Temperature anomalies and temporal averaging
Temperature anomalies with respect to the period 1981-2010 (WMO reference period) are calculated for both predictions and observations. These anomalies are analyzed for four-year running means. Thus, predictions are made for the lead years 1-4, 2-5, 3-6, …, 7-10.
Averages and anomalies of temperature are separately calculated for each ensemble member and lead-year period (years 1-4, …, years 7-10). In this way the lead-time-dependent difference between model and observation (model drift) is taken into account (Goddard et al., 2013; Boer et al., 2016). Predictions are presented and evaluated through these lead-time-dependent temperature averages and anomalies.
Evaluation and prediction skill
Evaluation of prediction skill is performed with hindcasts of the MiKlip system, which were produced for the past. The maximum time period that can be used for evaluation for every lead-time period (year 1-4 to year 7-10) is 1967-2015. For the skill assessment, hindcasts are compared with observations. Assessment cannot be done for grid points without existing observations for the evaluation period (missing values). These grid points are grayed-out on the map. The skill of the decadal prediction is compared with a reference forecast. The difference of these forecast skills, i.e. the improvement of the decadal forecast in comparison to the reference forecast, is called skill score [%]. If the skill of the decadal forecast system and the skill of the reference forecast are identical, the skill score has a value of 0%. For a perfect decadal prediction, the skill score is 100%. Reference forecasts are the climatology of the observations for the period 1981-2010 and the uninitialized historical climate projection, which differs from the decadal prediction system only through the absence of an initialization scheme.

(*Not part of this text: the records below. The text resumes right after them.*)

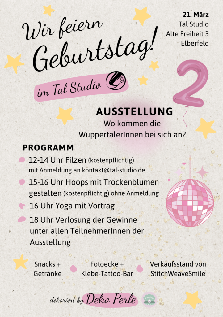 Ausgewählte Kunstworkshops findet ihr hier. Anmeldung unter kontakt@tal-studio.de.
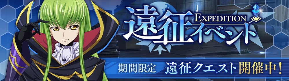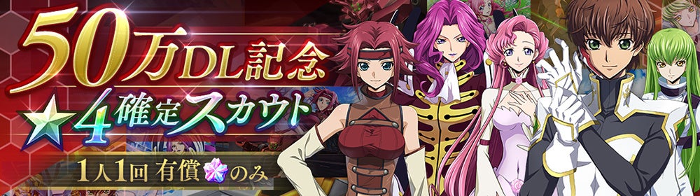 これを記念して★4パイロットが確定で登場する「50万DL記念★4確定スカウト」を開催します!また本日より★4 C.C.[共犯者]が手に入る「C.C.[共犯者] ピックアップスカウト」開催、さらに遠征クエストイベントを開催します!
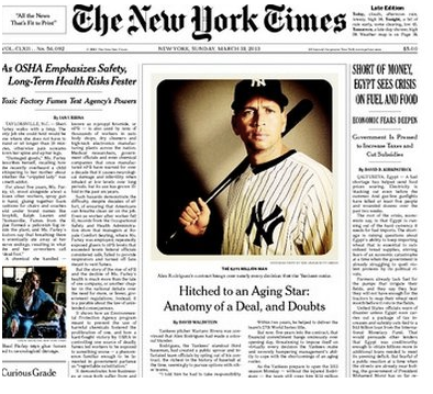 Instagram 的「應用」愈來愈廣泛,小妹有時想將來會否連証件相都可用濾鏡執下呢!聽起來好荒謬,但現在真的濾鏡處處,New York Times 決定以 Instagram 的照片作為頭版的照片,照片是攝影師 Nick Laham 用 iPhone 在更衣室拍攝的,相中人是 Alex Rodriguez,並在 Instagram 上進行編輯,Instagram 照片成功登上報紙的頭版。
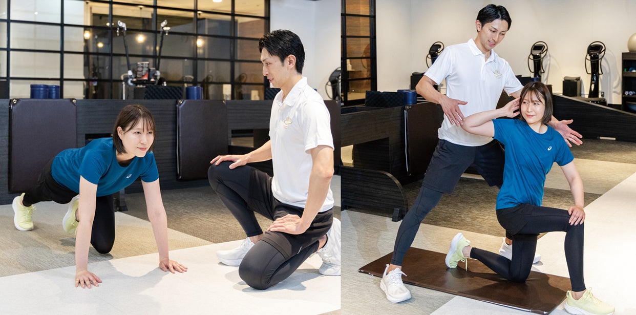 動きの評価、姿勢分析を再チェックし開始前と比較。パーソナルトレーニングでのエクササイズ総括を実施し、以降のセルフトレーニングを効果的におこなえるようアドバイス

Bootstrapping is used for testing whether the skill improvement in comparison to the reference forecast is random (significance test). Therefore, random years from the evaluation period are sampled 500 times with replacement and also evaluated. The significance level is 95%.
Ensemble mean forecast
An ensemble average is calculated from the ensemble members and used for forecasts and evaluation. For the spatial averages, the 10th and 90th percentiles of the ensemble distribution are also shown, beside the ensemble mean. To evaluate the prediction skill of the ensemble average, the skill score of the mean-square error between hindcast and observation is used (MSESS) (Goddard et al., 2013; Illing et al., 2013; Kadow et al., 2014). The MSESS assesses whether the decadal prediction is better able to reproduce the observations than the reference forecasts of climatology (Fig. 1) and the uninitialized historical climate projection (Fig. 2).
For the probabilistic forecast the period between 1981-2010 is split into three equivalent frequency ranges of temperature (temperature below normal, normal and higher than normal). Based on the distribution of the ensemble simulations, it possible to estimate a forecast probability for each category and lead year period (years 1-4, …, years 7-10). Due to the small number of ensemble members, the probability calculation is done with a Dirichlet multinomial model with flat Dirichlet prior (Agresti and Hitchcock; 2005).
The evaluation of the decadal forecast compared to observations is done with the ranked probability skill score (RPSS) (Ferro 2007; Ferro et al., 2008), which assesses the prediction of the concerning ranks. The RPSS compares whether the decadal prediction system is better able to reproduce the observations than the reference forecasts of climatology (Fig. 3) and the uninitialized historical climate projection (Fig. 4).